- Genre: Cooking
- Presented by: Alma Kitchell
- Announcer: Ray Forrest
- Country of origin: United States
- Original language: English

Production
- Camera setup: Multi-camera
- Running time: 15 minutes

Original release
- Network: NBC
- Release: 21 May 1947 – 30 June 1948

= In the Kelvinator Kitchen =

In the Kelvinator Kitchen is an NBC Television Network series which aired from 21 May 1947 to 30 June 1948. The series was a cooking show sponsored by Kelvinator, and the appliances used on the show were from that company.

In her book Encyclopedia of Kitchen History, Mary Ellen Snodgrass cited the program as "the first commercial network series and first televised cooking show on the air." Another cooking program, I Love to Eat, was actually the first of its kind, having debuted on NBC on August 30, 1946.

Alma Kitchell hosted, and Ray Forrest was the announcer on this series.
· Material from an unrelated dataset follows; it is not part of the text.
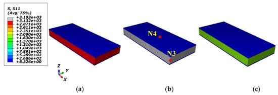 The mechanical responses of the macro-RVE in normal, shear directions, respectively, are provided in Figure 11. In macro-RVE’s analysis, the laminar layer failure criteria, such as the tensile, compressive and shear failure strengths of meso-RVE, as shown in Table 3, are incorporated into the macro-RVE model independently. For example, under x direction tensile loading (E11T) with its damage evolution as shown in Figure 12, the tensile behaviors show linear responses at the initial stage () with a tensile modulus of . Nearby, the 0.3% stage of strain, the damaged zone is initiated possibly as delamination or matrix crack, the tensile modulus slightly reduces to . With further loadings, the macro-RVE continues to undertake the higher load in integrity and fracture due to fiber split and breaks at about . Compared to the tested results of , , the numerical ones are with , ). The major fracture initiation and evolution, such as S11 was displayed in Figure 12. The 0 layers undertake the essential loading before their ultimate failure, which determinates its ultimate strengths in integrity as shown in Figure 12c. Once the failure strengths threshold in the 11 direction is satisfied as listed in Table 3, the smear crack with its surface perpendicular to the fiber direction (in Figure 2i) would be initiated numerically and the fiber fractured thoroughly, such as the white area in Figure 12c.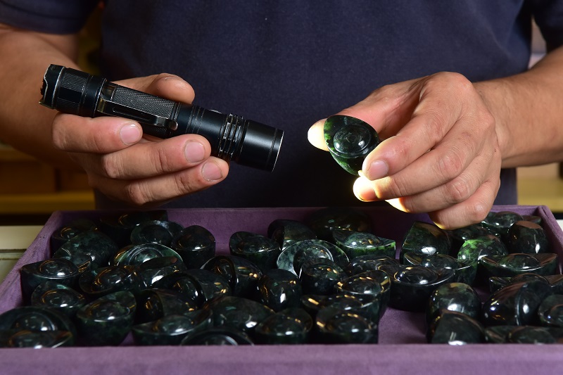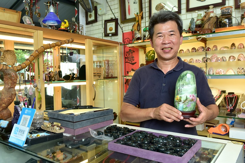 趁著空檔,老闆廖錦龍專心在石板上勾勒裁切邊,特別注意避開石材的裂紋或瑕疵,隔天進工廠才能磨出漂亮的成品;他的一日生活由工廠加工開始,然後到石藝大街的店面做生意。這裡的商品以玫瑰石、墨玉和菊花玉為主,因為這三種石材容易取得,薄利多銷也是種行銷模式。

Each episode was 15 minutes long and aired Wednesdays at 8:30pm ET.

The program originated in the studios of WNBT.

A review in the May 17, 1947, issue of the trade publication Billboard called the show "an unpretentious program with sustained commercial impact."

==Episode status==
No footage of the show is known to survive.

A description of the show appears in the August 30, 1947, issue of The New Yorker magazine. In the article, Robert Rice chronicles one week of TV set owner Harry Dubin's viewing when TV was still a relative novelty, with fewer than 200,000 TV sets in use throughout the country.